On the Sources of the Inflationary Bias
Columbia University Econ Dept Discussion Paper No. 9798-12
19 Pages Posted: 27 Dec 1998
Date Written: February 1998
Abstract
Why do dynamic inconsistencies in monetary policy exist? In this paper we present a traditional model with output inefficiencies, but we allow for monetary policy to be influenced by the various constituencies in the economy, that pressure the Congress to in turn pressure the central bank to adopt a particular policy stance. We show that in this economy an inflationary-bias arises due to the lobbying pressures of outsiders. Furthermore, we show that if lobbying pressures are high enough, an inflationary-bias cannot be avoided for any finite level of central bank independence.

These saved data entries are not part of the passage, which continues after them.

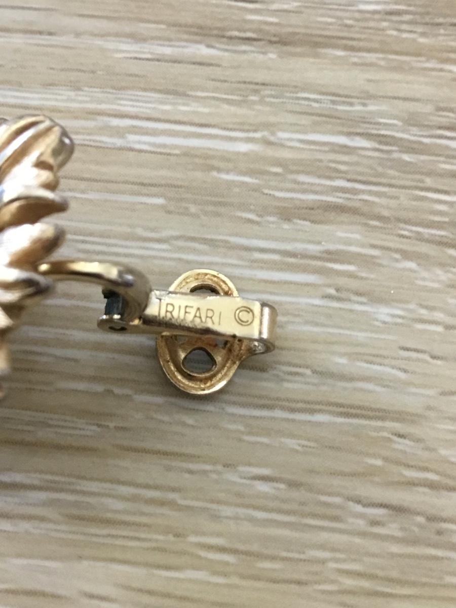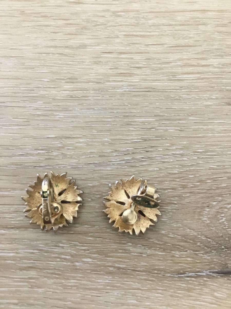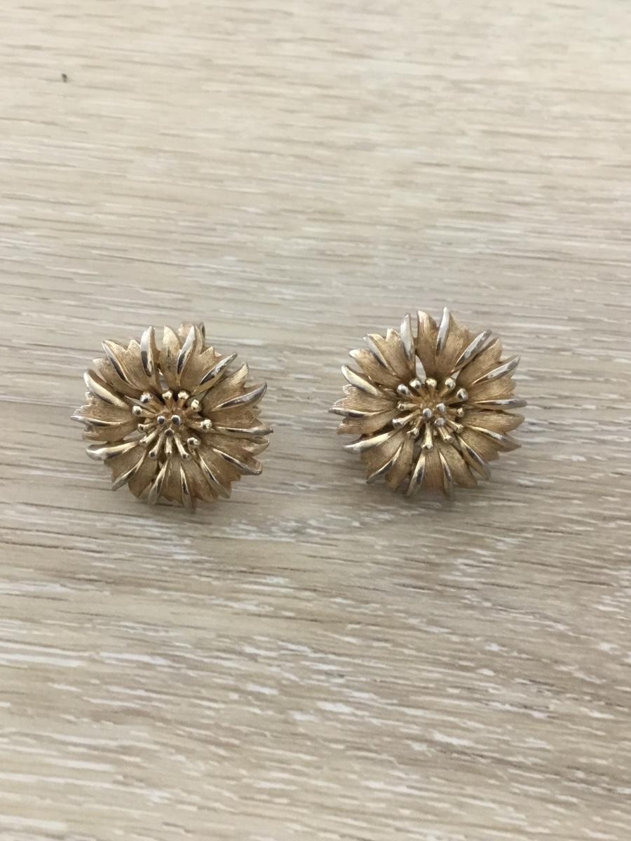 Gold tone Trifari flower clip on earrings
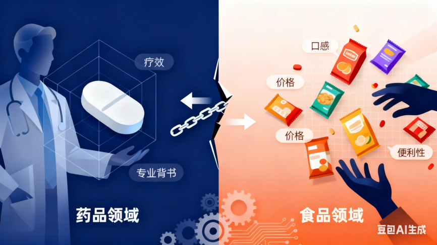 药品立足于“疾病的专业解决方案”,其核心是疗效,决策受专业意见主导,价格敏感度较低;而食品则是“日常的消费选择”,决策由口感、便利、价格及健康概念等多元因素驱动,市场竞争更为充分。
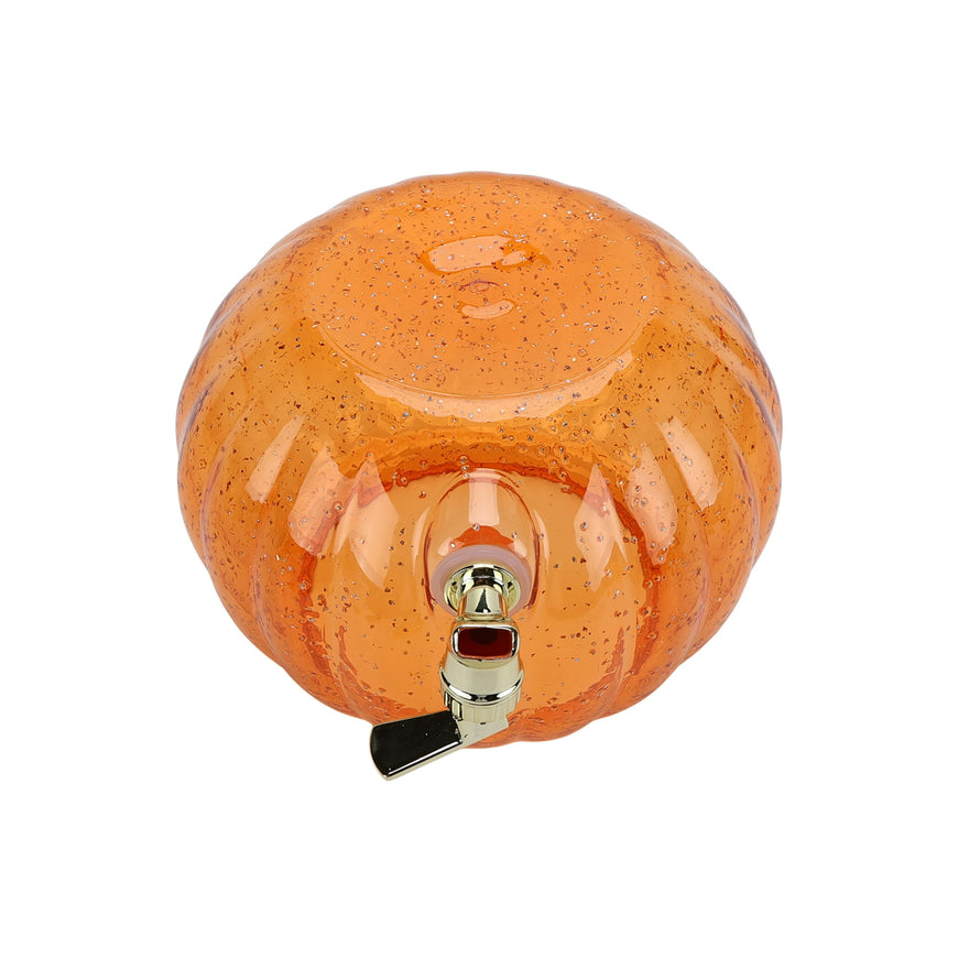 Elevate your Halloween celebrations with this Way to Celebrate 1.5-gallon Acrylic Pumpkin Dispenser with glitter, a delightful blend of festive charm and seasonal design . This pumpkin dispenser is available in clear or orange, with flecks of glitter and a metallic plated spigot to perfectly complements your Halloween dŽcor. This Pumpkin Dispenser comes in generous 1.5 gallon capacity that is perfect for any seasonal beverage. This dispenser is sturdy and durable with a 9.625 inch diameter and 10.25 inches height. Crafted from high-quality, BPA-free acrylic, this dispenser ensures your food stays safe and free from harmful chemicals. Designed with convenience in mind, it is top rack dishwasher safe, making post-party clean-up a breeze. Bring home this pumpkin beverage dispenser today and make your Halloween festivities extra special!
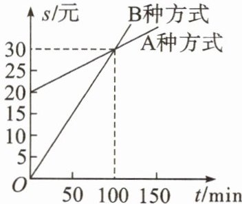 2. 某通信公司推出两种不同的收费方式:A种方式的月租费是20元,B种方式的月租费是0元.一个月内的通话时间t(min)与电话费s(元)的函数关系如图所示.当通话时间为200 min时,这两种方式的电话费相差(
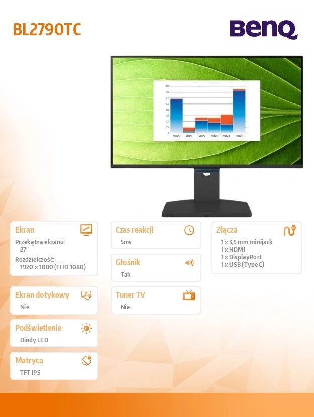 HDMI-forbindelsen gør det nemt at tilslutte til pc, laptop eller spillekonsol. Med optimeret ergonomi og høj billedkvalitet er skærmen velegnet til heldagsbrug både på kontoret og derhjemme.
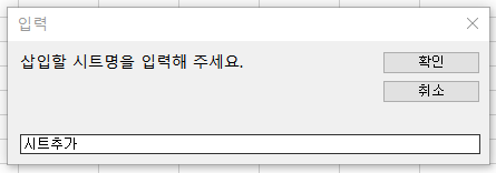 '시트추가'라고 입력한 다음에 확인버튼을 눌러 줍니다.
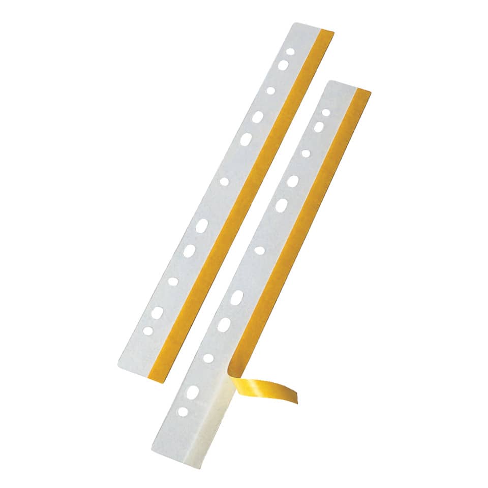 Heftstreifen HEFTFIX®. Selbstklebend. Werkstoff: Polyester. Material der Deckschiene: Papier. Material des Aufreihbandes: Polyester. A4. Lochung: international. Größe (B x H): 10 x 292 mm. Farbe: glasklar. Art der Verpackung und Inhalt: Packung mit 10 Stück.
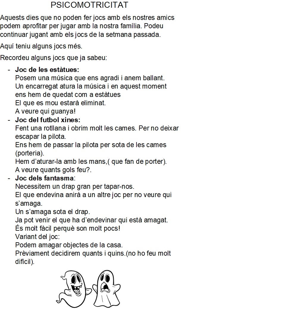Aquest bloc també el podeu aprofitar les famílies de Comunitat de Petits ( P3-P4- P5), és important aquests dies mantenir-nos actius. Per tant des de l’àrea d’educació Física de l’escola, continuen treballant per tal que pogueu continuar realitzant exercici físic a casa.
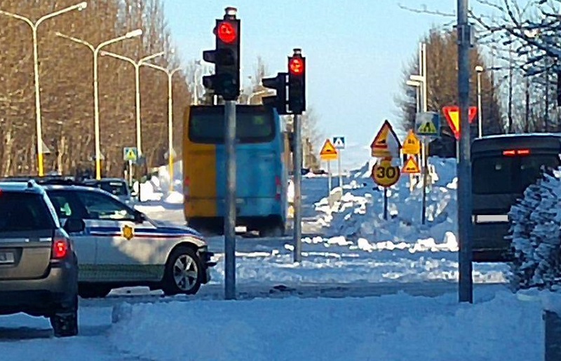 Lögreglubílnum var ekið suður Tryggvagötu með forgangsljósum og sírenu og þegar hann kom að gatnamótum Engjavegar og Tryggvagötu var rautt ljós á götuvita á umferð um Tryggvagötu.
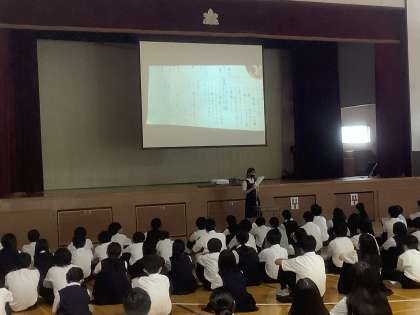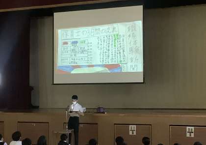 6/21から2年生は職場体験に行ってきました。その内容を1年生に向けて発表しました。その後事業所ごとに体験内容を説明しました。
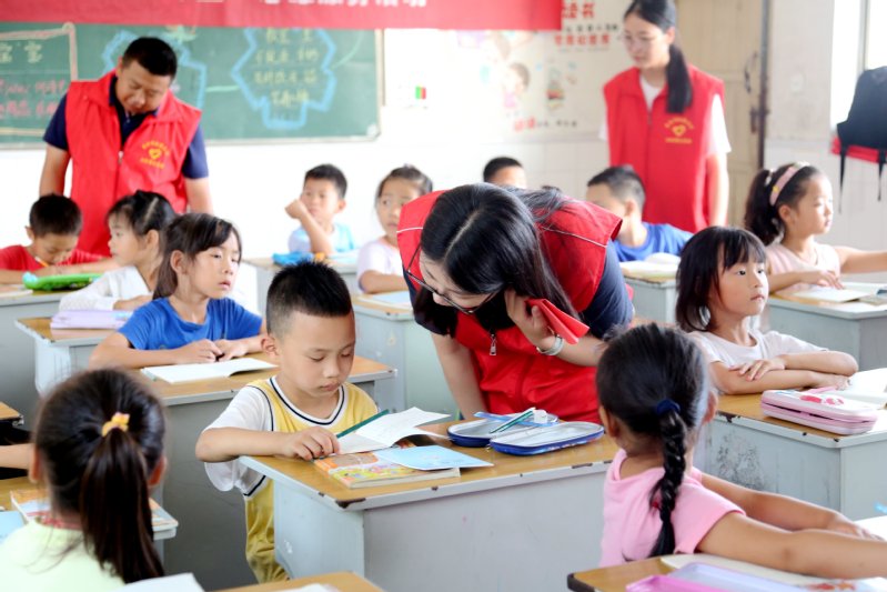 小課堂上,氣氛火熱。志愿者們分工合作,積極與孩子們進(jìn)行互動(dòng)交流,帶領(lǐng)他們開展各種活動(dòng),大家都沉寂在歡聲笑語(yǔ)中。孩子們都十分喜歡志愿者們,他們說(shuō):“這些大哥哥和大姐姐都很棒,給我們講解不會(huì)的題,讓我們有了更深的認(rèn)識(shí)和理解。”志愿者們也在志愿服務(wù)過程中感受到了快樂和滿足。
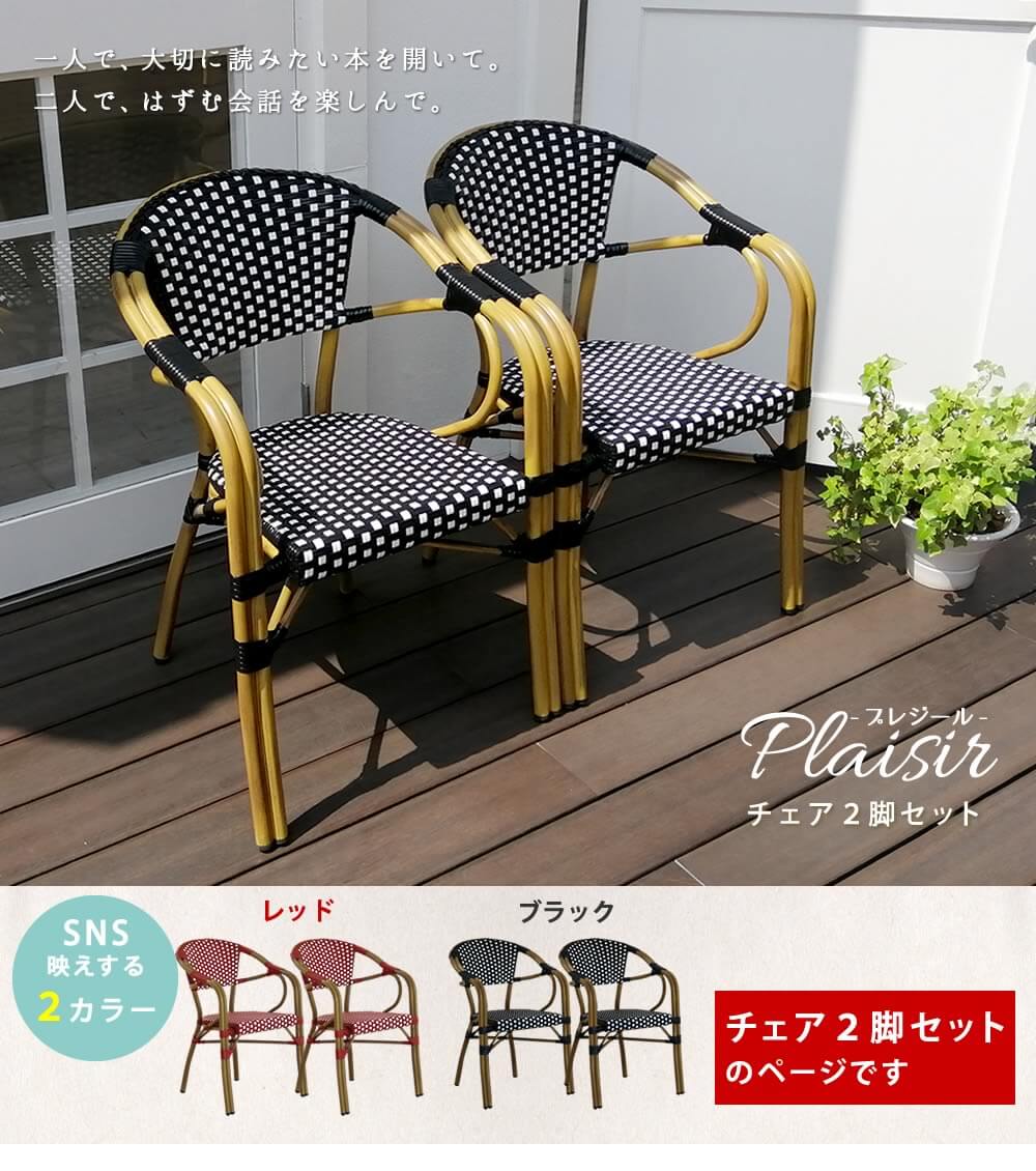 ガーデンチェア 2脚セット 2脚組 同色2脚セット 庭の椅子 おしゃれ 北欧 ガーデニング 庭 ブラック レッド 黒 赤 オープンカフェ風 オープンテラス カフェ風 テラス バルコニー ベランダ 庭のチェア オープンテラスチェア ガーデンチェアー おすすめ テラス オープンテラス 水はけ カフェチェア ガーデンチェアー PEラタンチェア 人工ラタン 春 夏 秋 冬
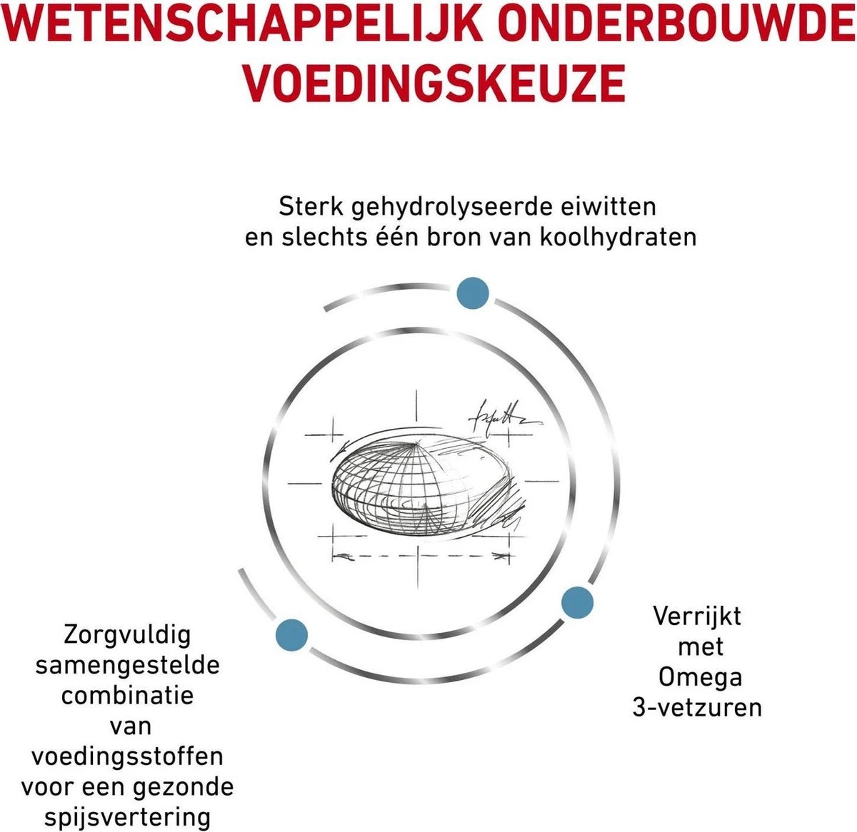 - Bevat een combinatie van zeer goed verteerbare eiwitten, prebiotica, bietenpulp, rijst en visolie voor een optimale ondersteuning van de spijsvertering.
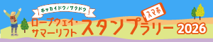 2026 04/30 ロープウェイ・サマーリフト スマホスタンプラリー2026 参画について 令和8年4月24日(金)より夏期営業が再開し、北海道内も行楽シーズンが到来いたしました。 そこで、道内のロープウェイや夏期運行を行うリフトを巡ってスタンプをゲットすることで豪華賞品がもらえる『ロープウェイ・サマーリフト スマホスタンプラリー2026』が今年もスタート! 期間は令和7年4月29日~10月25日。 ぜひ皆さま豪華賞品を狙って参加してみてくださいね! 詳細はコチラ↓
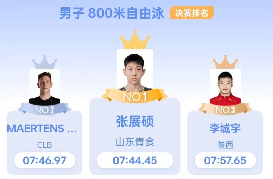 3月22日,中国游泳公开赛暨全国春季游泳锦标赛迎来收官之日。在男子800米自由泳决赛的比赛当中,张展硕在最后50米发力冲刺,甩开了400米世界纪录保持者马腾斯,以7分44秒45的成绩刷新PB夺冠,拿下了个人本届赛事第4金。 【各项纪录】 世界纪录:7分32秒12——张琳(中国) 亚洲纪录:7分32秒12——张琳(中国) 全国纪录:7分32秒12——张琳(中国) 【决赛表现】 决赛张展硕在第5泳道出发,他身旁第4泳道的是400米自由泳世界纪录保持者马腾斯,本场比赛的争夺主要在这两位选手之间展开。 第1个50米张展硕和马腾斯几乎是同时完成转身,100米两人仍旧是齐头并进,张展硕略微落后约0.4秒。200米、300米、400米、500米张展硕仍旧紧追马腾斯。550米转身过后,张展硕实现了对马腾斯的反超。游程进入到最后50米,张展硕开始提速,双方的差距逐渐拉开。最终张展硕以领先超过2秒的优势率先触壁完赛,马腾斯紧随其后到达。 【最终成绩】 张展硕以7分44秒45的成绩拿到了冠军,马腾斯7分46秒97获得了亚军,李城宇7分57秒65获得了季军。潘展乐在上午的慢组比赛游出7分57秒92的成绩排名第4位。(全景体育) |
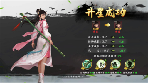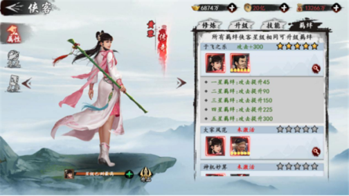 可能有人会觉得侠客升星和侠客进阶是同样重要的环节,没错,确实是,升星可以提升侠客技能效果(随星级提升效果提升数不同)但侠客升星是一个靠运气的事情,招募不到足够的侠客碎片,一切都是空谈,概率问题不多说,就看大家的手气~(升星过后还有升品,同样是提升技能效果)
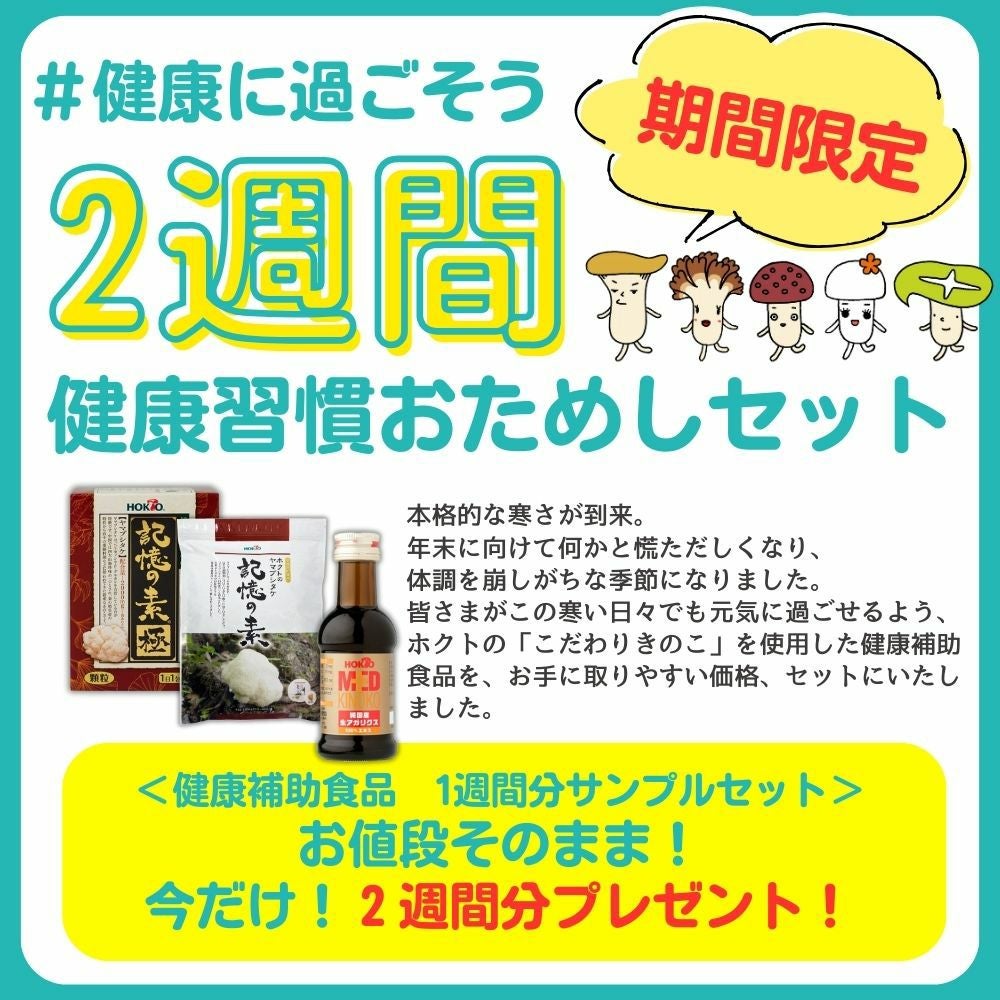 他の画像を見る 【今だけ!増量!!】定期申し込み時にお使いいただけるクーポンプレゼント♪ 【2週間トライルセット】ヤマブシタケ「記憶の素」 (7日分×2セット)【ネコポス送料無料 1000円】 ¥ 1,000 税込 【初回限定一世帯1セット限り】 通常1週間分のところ、倍の2週間分をお試し頂けるキャンペーン中♪ 冬の健康意識が高まるシーズンにホクトの健康補助食品で健やかな毎日を! まずはこちらで商品の粒の大きさ、飲み易さ、体調・体質との相性をご確認ください。 記憶の素にはエルゴチオネインがたくさん含まれています。 詳細を見る お気に入りに登録する
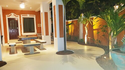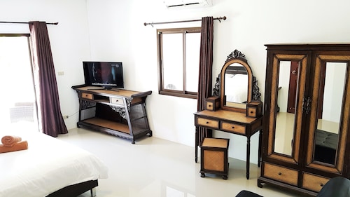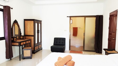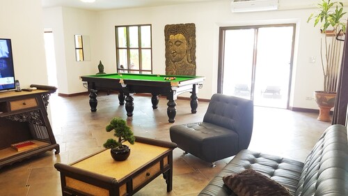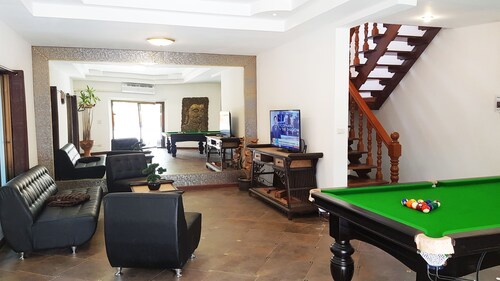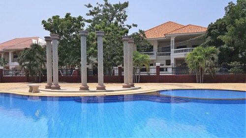 サウス パタヤに位置する、ビーチフロントのこのバケーションホームはゴルフコースにあり、ミニゴルフ・パタヤ、ウォーキング ストリート、ジョムティエン ビーチから 3 km 圏内です。パタヤ ビーチおよびパタヤ ビーチ ロードも 3 km 圏内です。 ビーチで日差しを浴び、このバケーションホームのフルサービス スパでくつろいだりして過ごしたら、バケーションホームにある 20 か所のレストランで食事をお楽しみください。 バケーションホームには、ベッドルーム 5 室、WiFi (無料)、低反発ベッドが備わっています。キッチンには冷蔵庫とオーブンが備わっており、優雅な滞在をお約束するプライベート プランジプール、暖炉もご利用いただけます。
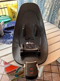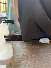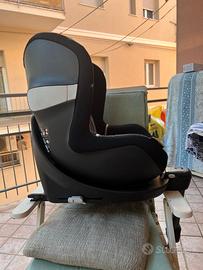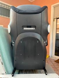 Seggiolino auto + base Isofix, dalla nascita ai 105 cm di altezza (4 anni circa), utilizzabile sia rivolto contro il senso di marcia sia nel senso di marcia. Colore grigio e nero.

We also show that introducing the realistic feature of lobbying pressures has an impact on the stabilization properties of monetary policy. When a supply shock occurs, the shock is totally absorbed by a forward-looking trade-union which has no costs of lobbying, independently of any finite degree of conservativeness and independence of the central banker, who has to accept an extreme increase in price instability. We show that monetary policy delegation is therefore sub-optimal in achieving price-stability compared to labor-market reforms meant to remove monopsonistic elements. However, the same structural policies will induce greater output instability by strengthening the power of conservative central bankers.